Traffic management through compromise solutions: A mathematical programming approach with multiple-objective traffic assignment models

Applications of traffic assignment models to modern advanced traffic network management systems have become mainstream both in academic research and field implementation. Most traffic assignment applications are aimed at how to implement Wardrop's (1952) two principles, user-equilibrium (UE) and system-optimal (SO). The UE and SO criteria have been widely discussed among academics and applied in traffic assignment models since Wardrop proposed these concepts in 1952.; The complexity of the traffic network management problem induced by the tradeoff between the user-oriented demand and limited system capacity supply is considered in this thesis.
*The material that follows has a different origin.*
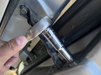 Align the bolts in the holes, then use the 10mm socket wrench to bolt the new door checker securely to the frame.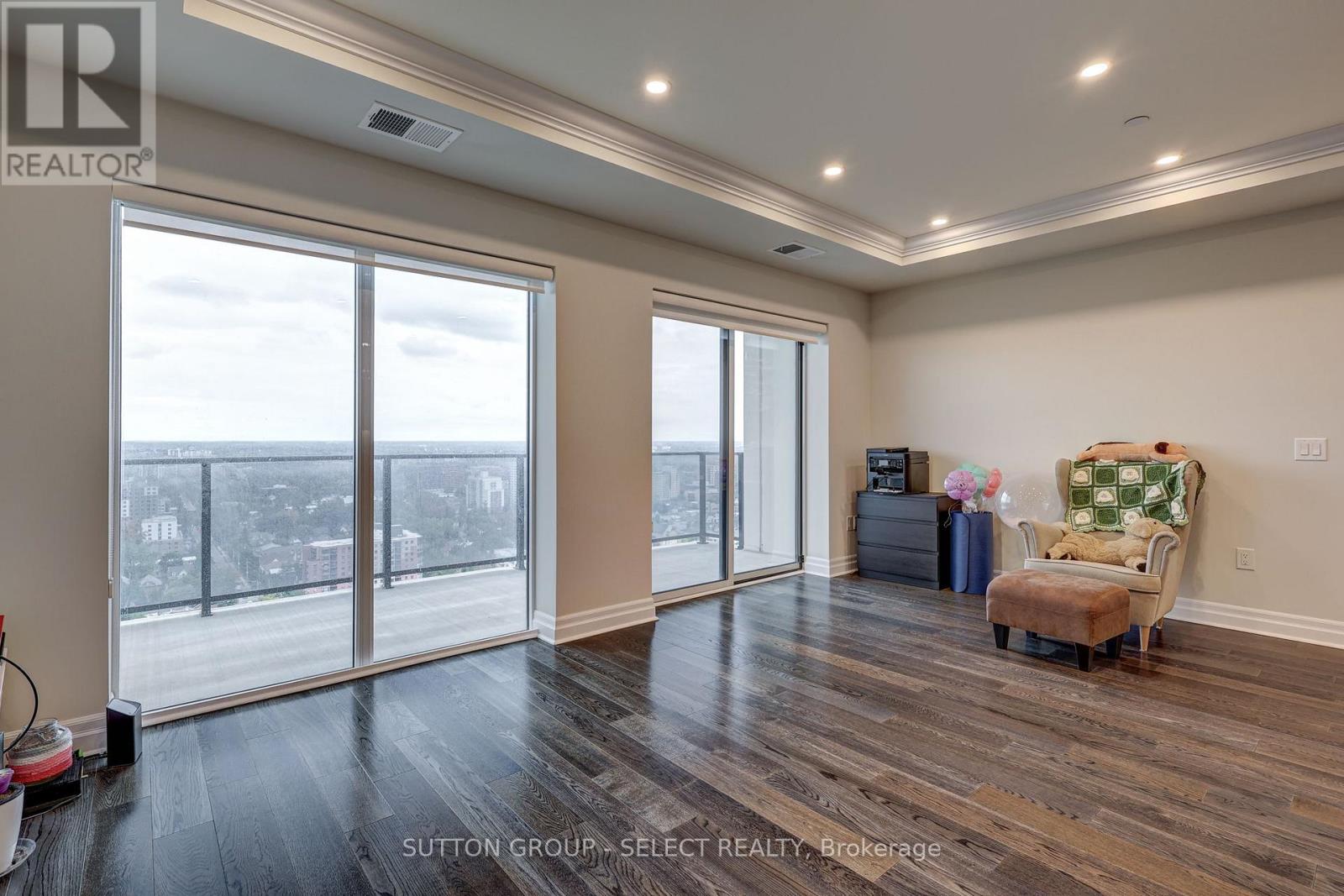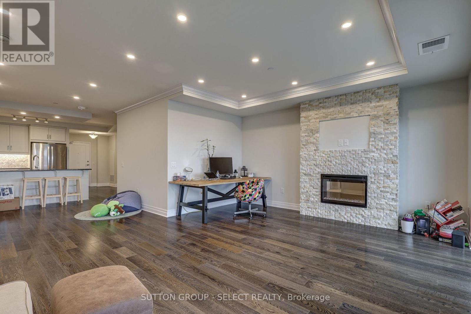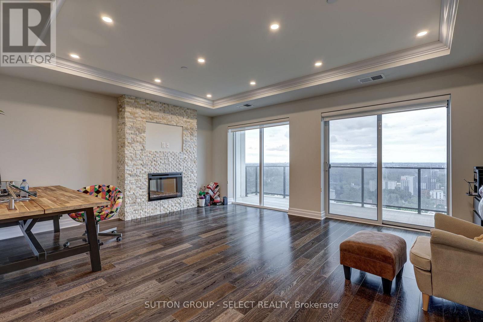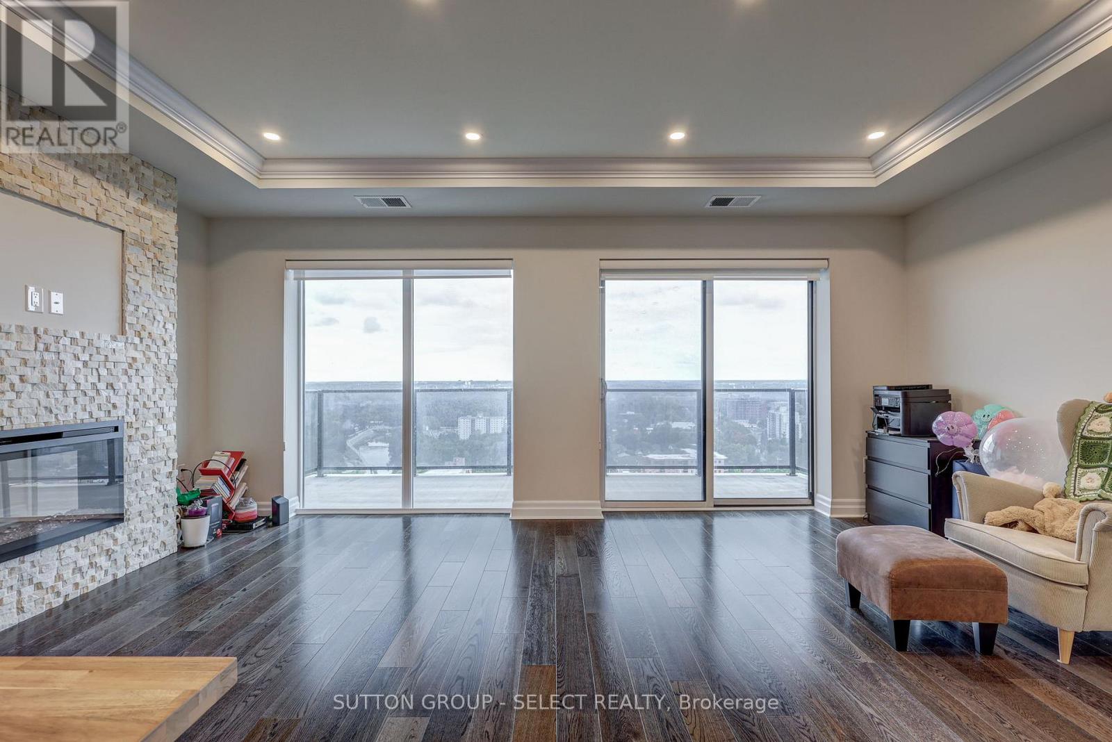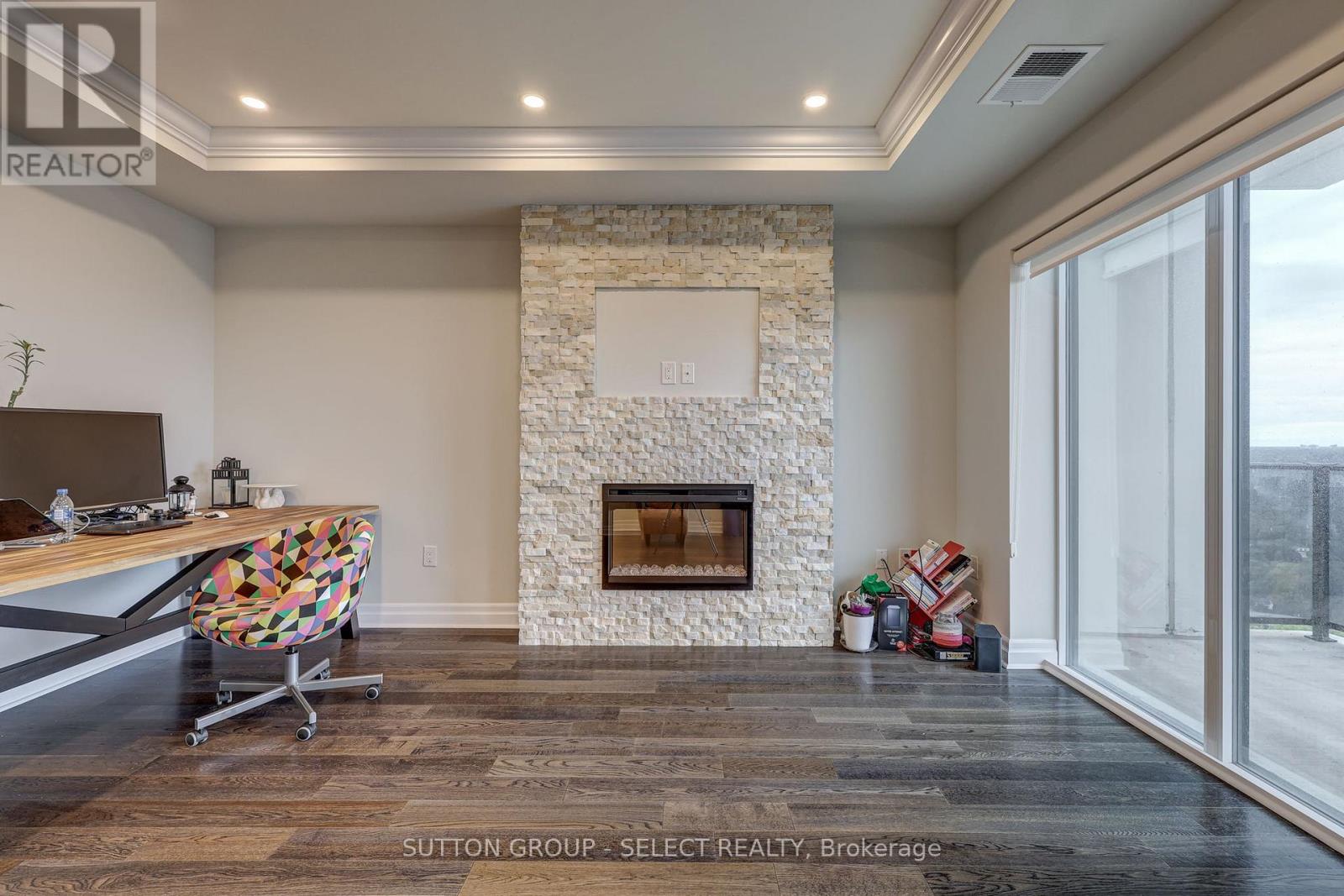 Luxury living in the heart of downtown London. This beautifully appointed 1-bedroom + den, 2 full-bathroom condo offers approximately 1,315 sq ft of thoughtfully designed living space, featuring stunning city views, an open-concept layout, and sleek contemporary finishes. Floor-to-ceiling windows fill the space with natural light, while the modern kitchen features quartz countertops, stainless steel appliances, and a breakfast bar-perfect for everyday living and entertaining. Enjoy sunsets from your private balcony and unwind in the spacious primary bedroom with a walk-in closet and private ensuite. The den provides flexible space for a home office or additional living area. In-suite laundry and ample storage add everyday convenience.The building features exceptional amenities, including a rooftop patio with panoramic views, a social lounge, state-of-the-art fitness centre, golf simulator, library, and games area. One underground assigned parking space is included. Tenants only pay hydro-everything else is covered. Conveniently located with Reset Social Cafe on the main level and just steps from Covent Garden Market, Budweiser Gardens, parks, dining, and entertainment, this condo is ideal for professionals seeking a vibrant downtown lifestyle. Lease occupancy available starting March 15,2026. (id:4555)

The problem is termed multiple-objective traffic assignment (MOTA). Beyond the user cost-oriented tradeoff, the MOTA formulation in this thesis explicitly models the tradeoffs between demand and supply in the system.; Due to the lack of physical interpretation of UE, this thesis introduces an alternate objective formulation defined as user variational (UV), which not only can find UE but also provide an interpretation measure of user service when UE cannot be obtained. This thesis also presents another new objective called congestion-optimal (CO) that defines traffic network manager's goal, which is to minimize the maximum arc congestion within the network. Comparisons are made between the new perspectives and the classic system-optimal perspective.; This thesis presents a mathematical programming approach that integrates a nonlinear convex optimization model, a mixed integer optimization model with multicriteria decision-making theory to solving the traffic network management problem while considering explicitly the effect of arc capacity on the traffic flow assignment. A new multiple-objective optimization solution approach is developed to solving the network management problem by applying UV, UE, CO and SO objective formulations as traffic network's performance measures in the traffic assignment model, which is integrated with a p-median model that served as the best compromise solution finding mechanism. This approach is implemented to networks with different complexities. Tradeoffs among objectives are discussed. The results show that in high demand situation, the compromise solution can not only reduce the system congestion significantly but also limit the impact to users. This MOTA approach could provide an economical and managerial tool to solve the traffic management decision-making problem.